Another consideration in calculating these cost-benefits is the cost of LD eligibility determination using the traditional competing paradigm model described in concert with special education costs. Assuming the cost of a typical eligibility process is approximately $2,500 and also remembering that all LD students must undergo 3-year reevaluations, the cost of identifying and providing special education for LD students is almost twice that of educating general education students. As such, there may be long-term cost-benefits in adopting the responsiveness-to-intervention model, particularly in light of the following: (a) The average effect size of special education placement for LD students is about 0.30 (Kavale & Forness, 1999), (b) relatively few students get decertified as LD during their school careers, (c) early intensive reading interventions for poor readers (kindergarten-first grade) leads to GG or VGG in reading for about 50% of this population, and (d) intensive intervention may lead to a decertification of about 40% of children receiving this type of intervention.
The question for the LD field remains: How long do we implement an intervention before we determine that a child is an inadequate responder and thus eligible for more intensive special education services?
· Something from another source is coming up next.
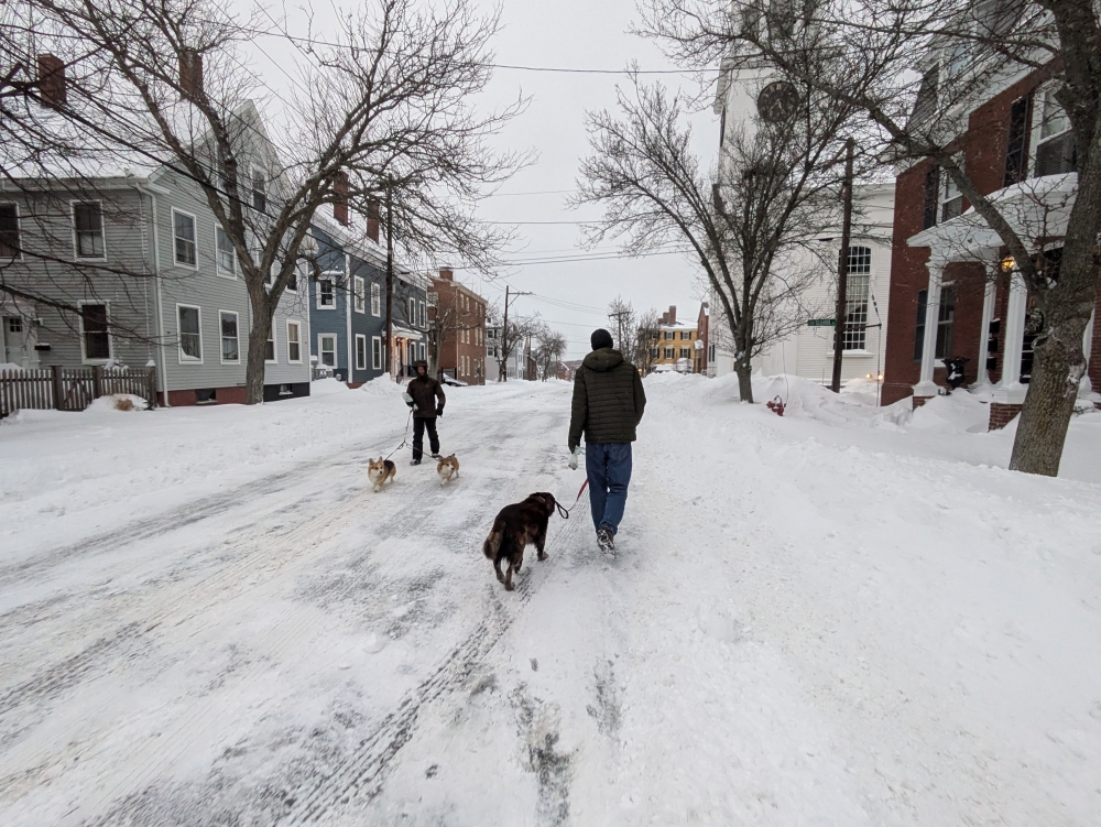 Dog walking is only possible on the plowed streets.

Further, what is the cost of this intervention-based model relative to the traditional eligibility approach? Is the responsiveness-to-intervention approach more expedient in identifying students as LD so that intervention takes place earlier? How intense should this intervention be and how long should it last? Who should implement the intervention (teachers, paraprofessionals, reading specialists)? These questions must be addressed first when adopting a responsiveness-to-intervention approach to the identification of LD.
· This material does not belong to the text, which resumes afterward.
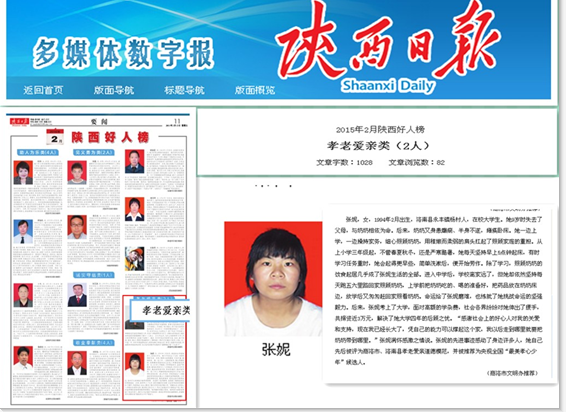 近日,2015年2月“陕西好人榜”评选结果公布,金年会官网建筑与环境学院造价1603班学生张妮荣列其中。3月13日,《陕西日报》在第11版刊登了张妮孝老爱亲的感人事迹。

One must realize that some individuals have political, personal, financial, and/or other reasons in wanting to maintain the status quo in the classification of students as LD. This position is indefensible in light of the overwhelming evidence in the field that the IQ-discrepancy approach to LD identification is simply not valid and, most important, does not inform treatment decisions. These individuals may argue that a treatment-responsiveness model is analogous to confirming the accuracy of a cancer diagnosis by determining whether or not a treatment regimen of chemotherapy and radiation leads to remission. They might also argue that this approach does not improve the identification of students as LD, that it has some insurmountable measurement problems, that it leads to late identifications, and that it will be extremely expensive. However, it always should be remembered that these arguments are simply red herrings in the sea of abyss of what we now call LD.
It is incumbent upon the LD field to focus on answering the critical questions using empirical findings for assessment and interventions provided in this paper as a foundation. Establishing an effective method for determining eligibility for LD that can be linked to intervention can go a long way toward decreasing, if not eliminating, the probability that learning disabilities will continue to be the sociological sponge that wipes up the spills of general education.